JANJA (D), AO LADO DE DILMA ROUSSEFF - Esquerda mainstream com sabor de pieguice.
Diferente das esquerdas de 1961-1964 que foram impulsionadas pelo governo Kubitschek e que, mesmo dotada de eventuais ingenuidades, estava com os pés no chão, as esquerdas lulistas de hoje, bem mais do que entre 2003 e 2016, vivem flutuando nas nuvens.
O nível de pieguice já teve ensaio quando as esquerdas aceitaram os "brinquedos culturais" que a direita moderada extraiu do culturalismo da ditadura militar - mais precisamente a Era Geisel - ofereceu e tentou ressignificar para os tempos democráticos de então. Eram valores supostamente positivos que, em tese, faziam o povo pobre sorrir e que, mesmo próprios do imaginário paternalista da direita, tentaram uma associação forçada com o esquerdismo.
"Médiuns espíritas" que simbolizavam tradições de religiosidade marcadas por uma suposta filantropia e um pretenso pacifismo, ídolos cafonas que simbolizavam a pretensa consolação das frustrações do povo pobre e mulheres-objetos que simbolizavam a "alegria" e a "vivacidade" da "mulher brasileira" eram empurrados para o imaginário esquerdista através de um discurso persuasivo associado a uma cosmética simbólica desprovida de raiva e aparente intolerância social.
Isso fez uma diferença muito negativa nas esquerdas médias de hoje em relação às dos tempos de Jango. E fez com que as esquerdas hoje se tornassem subservientes, aceitando como aliado qualquer direitista que lhe apertasse a mão, falasse palavras "mágicas" como "interatividade", "caridade", "paz", "mobilidade urbana", "resiliência" e, ultimamente, "democracia" e prometesse fazer o pobre sorrir.
E aí vemos o quanto essas esquerdas, na verdade pessoas de classe média abastada e antigos esquerdistas de raiz que foram emancipados, se tornaram obedientes e com uma certa ojeriza ao senso crítico, enquanto sonham em extrair o que há de "positivo" no mundo da direita para enxertar, como prótese, no imaginário esquerdista.
Esse sentimentalismo mostra o quanto está ruim, hoje, as esquerdas tomarem o poder, marcadas hoje por um ranço piegas antes inimaginável.

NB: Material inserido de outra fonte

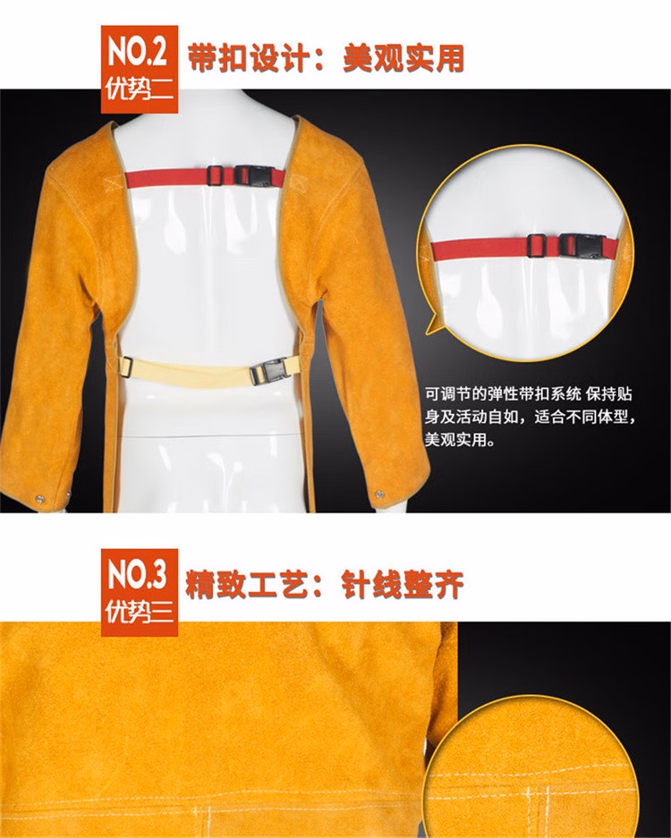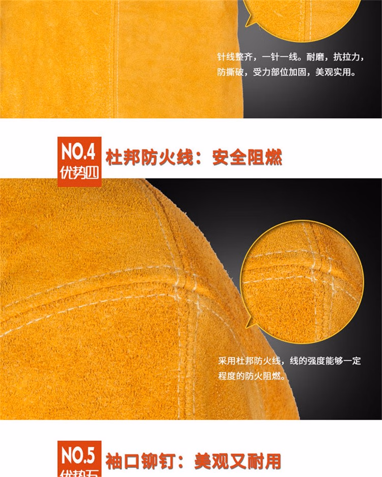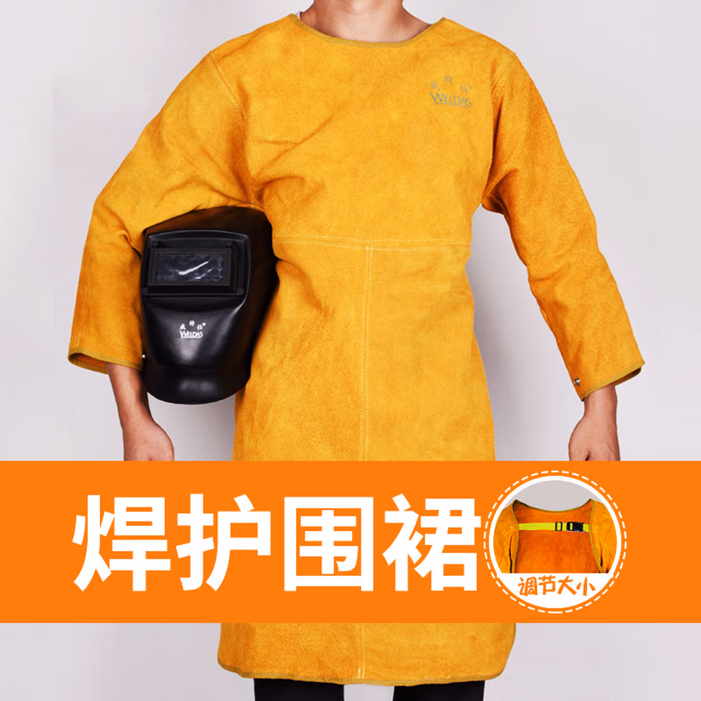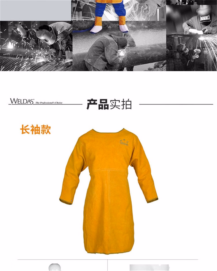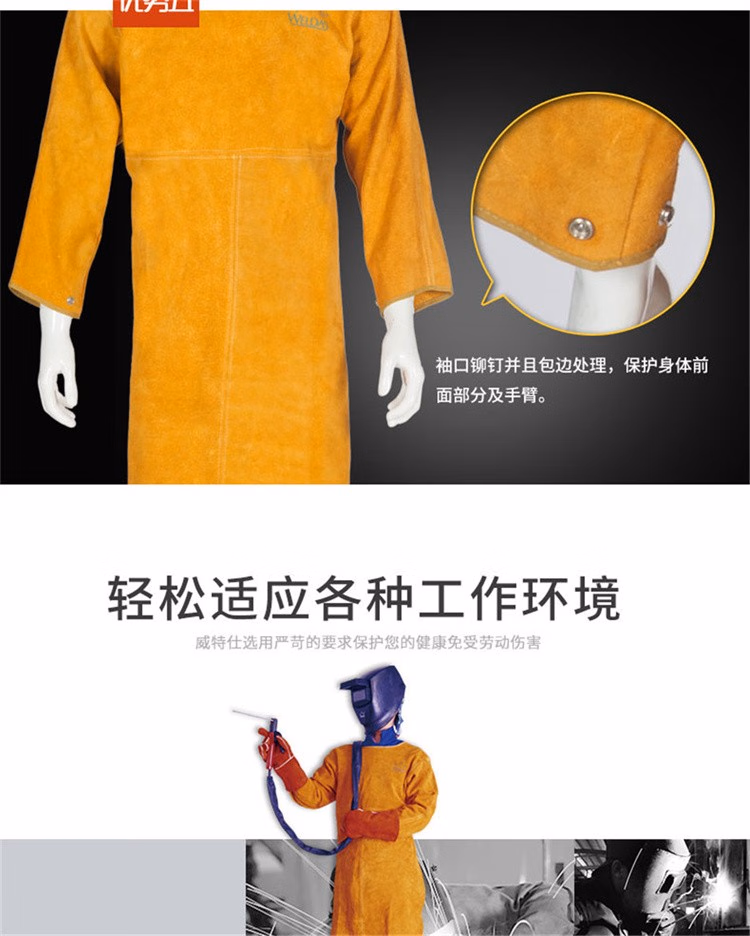 > 威特仕焊接焊工电焊带袖护胸皮围裙防烫隔热耐磨围裙防火金黄色皮围裙 44-1847L

Não é preciso pensar muito para ver que, na "festa democrática" do lulismo, estão também os excluídos dessa "doutrina da inclusão".
Os excluídos são os miseráveis da vida real, que sentem que viver em favelas ou em ruas não é a "vida cor de rosa" da dita "campanha contra o preconceito" da intelectualidade bacana. Outros barrados no baile lulista também são o proletariado raiz, que não aderiu ao peleguismo, o campesinato, os solteiros convictos que não aceitam fazer papel de imbecis nas redes sociais, e os intelectuais genuínos e cientistas, marcados pelo pensamento crítico, pelo estudo investigativo e pelas pesquisas aprofundadas diversas.
Esse "outro Brasil", que é excluído da festa brega-identitária do lulismo de hoje, era mais valorizado nos tempos de João Goulart. Mesmo a relativa lembrança do filme Eu Ainda Estou Aqui, de Walter Salles - curiosamente, o filho do banqueiro Walther Moreira Salles, então ministro da fase parlamentarista de Jango, no tempo em que o próprio cineasta era criança - , é apenas uma sombra das preocupações sociopolíticas de antes, mais aprofundadas.
Hoje se observa um clima de pieguice nas esquerdas médias, uma sede infantil de protagonismo e uma certeza ilusória de que vencerão tudo, porque são "o bem". Porque, levando às últimas consequências a crença na "burguesia nacional", ilusão cultivada pelos esquerdistas de 1964, os lulistas perdem a essência combativa e fingem que seu protagonismo era espontâneo quando, na verdade, ele foi negociado com a direita moderada, a "parte boa" do golpismo politico-jurídico de 2016.
E aí fico preocupado porque as esquerdas médias de hoje acham que podem tudo. Acham que o mundo é todo bonzinho com elas, e se iludem com o maniqueísmo fácil de Lula contra Jair Bolsonaro. A meu ver, todo esse futuro do lulismo soa como uma miragem, mas a empolgação emocional desse protagonismo artificialmente conquistado cega os lulistas que já se consideram os vencedores de 2026.
Por muito menos, as esquerdas perderam feio o protagonismo em 1964.